I get it. Many of us find ourselves in a major financial crisis, with almost no ability to work or reliably plan for the future. And the stresses of distancing impact us on so many levels – emotionally, spiritually, physically and practically. (Among other things, I’d love to be able to freely offer a hug to any of you reading this now …)
With this backdrop, a clear, black-and-white, simplistic explanation – especially as it might involve a “conspiracy” – about COVID and the circumstances surrounding how the powers-that-be are dealing with it (or, for that matter, might manipulate it for some nefarious advantage) understandably has a LOT of appeal. All the more so because we’ve seen ample evidence over time of the faults and avarice of the pharmaceutical industry and for-profit medical machine.
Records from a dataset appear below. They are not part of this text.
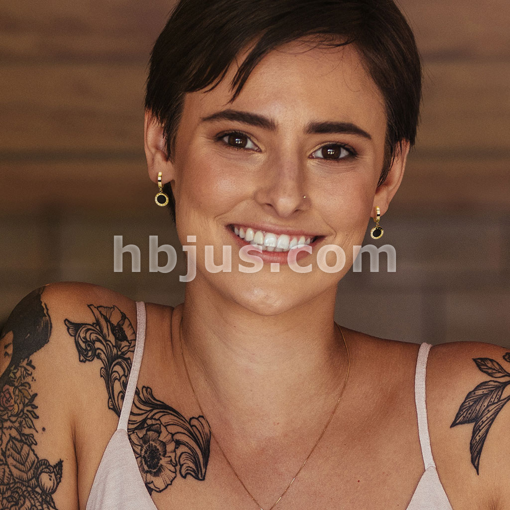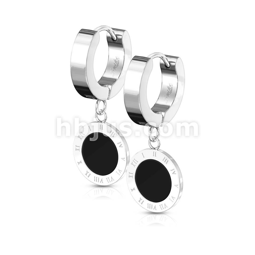 Pair of Stainless Steel Hinged Hoop Earrings with Black Enamel Filled Center and Roman Numeral Edges Circle Dangle
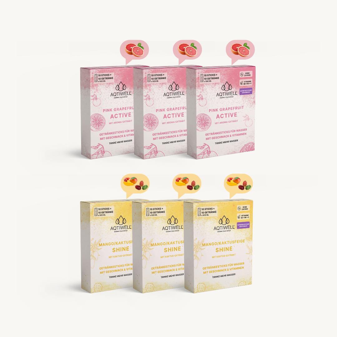 → 6 x 10 Aqtiwell Sticks (=60 Getränke)
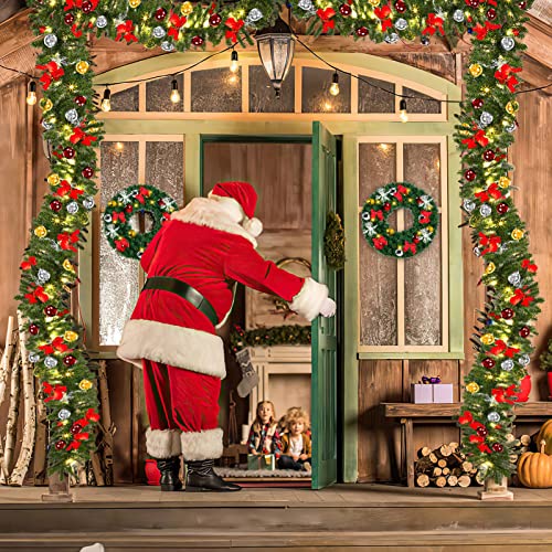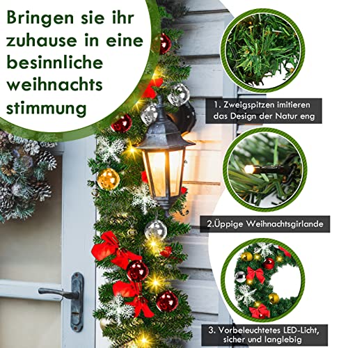 Tubiaz 5m Ghirlanda di Natale, Ghirlanda Abete Artificiale Verde con Bianco caldo 100 Luci a LED, con Decorazione, Ghirlanda Natalizia per Scale, Pareti,Porte, 2 pack
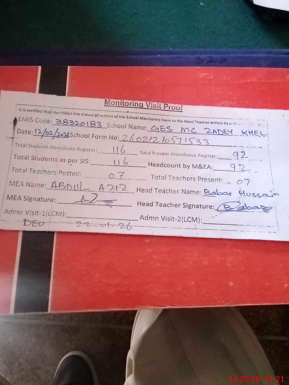 | EMIS Code: 38320183 | Name of School: GES MC ZADEY KHEL | |||

Yet this does not warrant abandoning our critical thought or consigning an entire body of disciplined investigative journalism and scientific inquiry to the status of “fake news”. Dismissing an entire body of inquiry as MSM (main stream media) might be tempting as a way to confirm cherished beliefs – and to grossly oversimplify a truly gnarly human crisis – but it is facile, extremely divisive, and ultimately dangerous.
The characterization of journalism as the “Lügenpresse” in the Germany from which my grandfather and his family fled in 1933 was pivotal in cementing fascism there. Such a characterization is dangerously dividing us here in a time when we – more than anything – need to look out for one another.
May we remember that the greatest enemy we face – in many ways greater than the virus itself, which seeks only to replicate itself indefinitely – is polarization itself.
If you’ve read this far, you have my deep gratitude. I send my love out to you all.